----- Given information -----
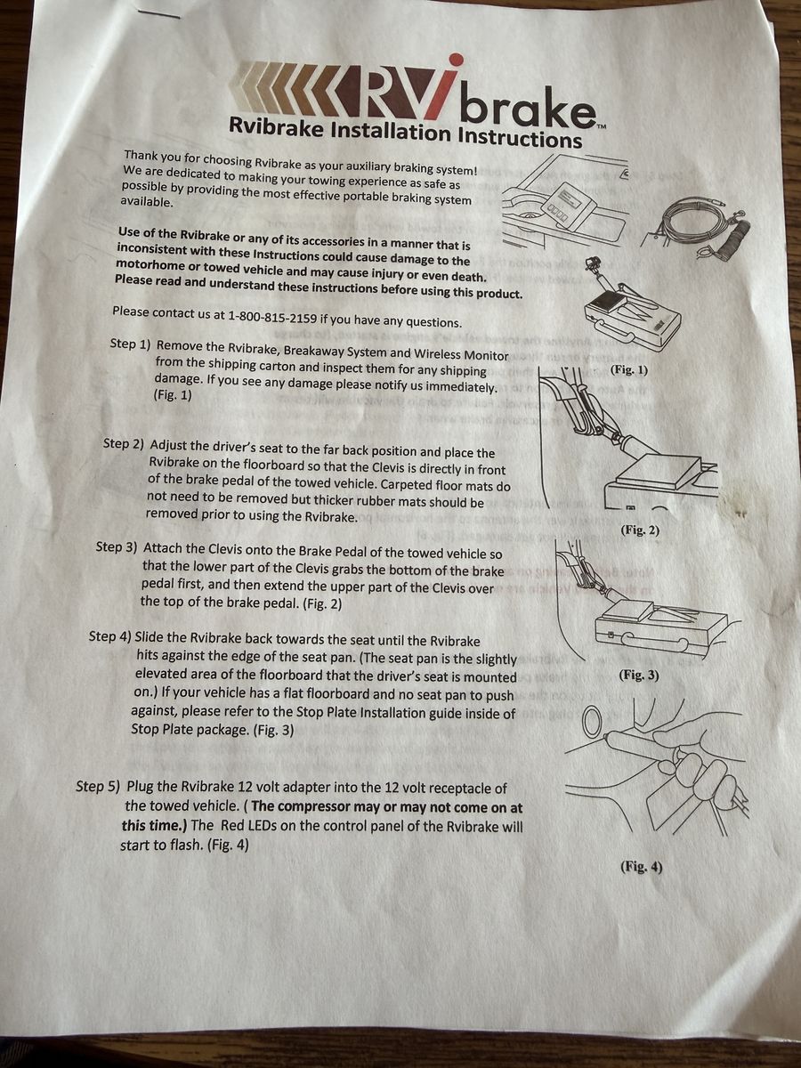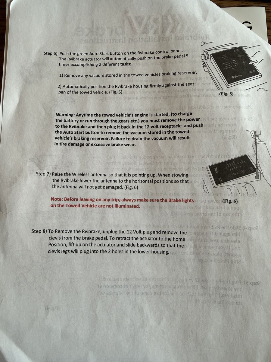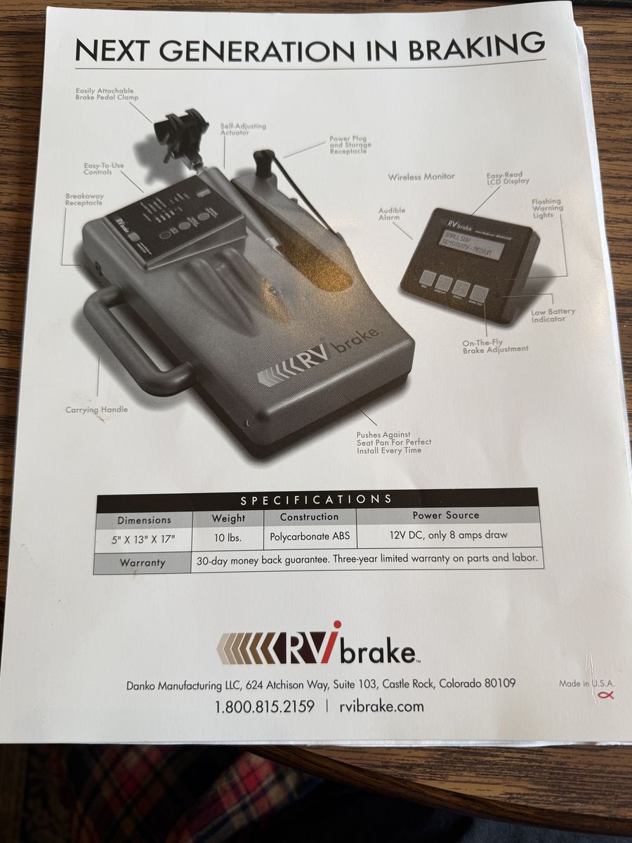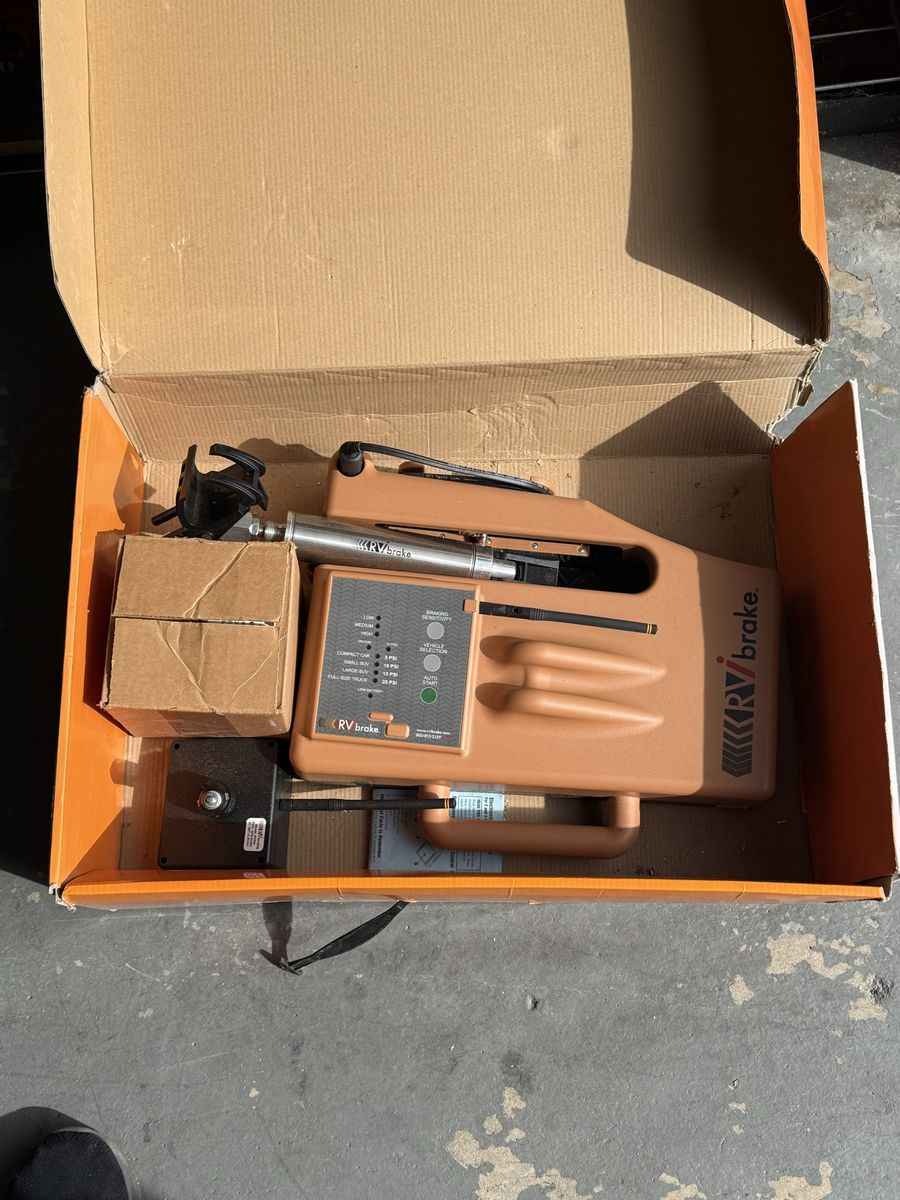 Brake system for a vehicle in tow. Useful for towing a vehicle behind an RV.
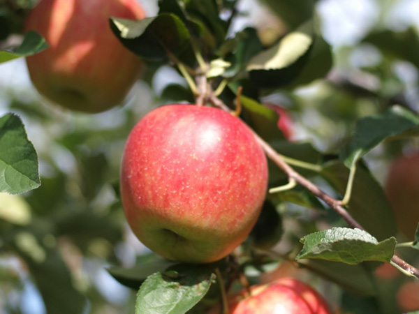 全体が赤く染まり、底が黄色く丸みを帯びているものが、おいしいリンゴの見分け方。
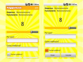 O documento resume a jornada de desenvolvimento de um aplicativo móvel para diário de felicidade de um indivíduo. Começou como uma ideia de medir a felicidade de funcionários em empresas e evoluiu para um produto focado no usuário individual revisar seu próprio bem-estar ao longo do tempo. O desenvolvedor tem vasta experiência em várias linguagens e é um defensor do framework ágil Scrum.
-----
What is needed ▸ Leaving the pictures out, output the material exactly as it appears.

Solution for this problem ▸
 Brake system for a vehicle in tow. Useful for towing a vehicle behind an RV.
 全体が赤く染まり、底が黄色く丸みを帯びているものが、おいしいリンゴの見分け方。
 O documento resume a jornada de desenvolvimento de um aplicativo móvel para diário de felicidade de um indivíduo. Começou como uma ideia de medir a felicidade de funcionários em empresas e evoluiu para um produto focado no usuário individual revisar seu próprio bem-estar ao longo do tempo. O desenvolvedor tem vasta experiência em várias linguagens e é um defensor do framework ágil Scrum.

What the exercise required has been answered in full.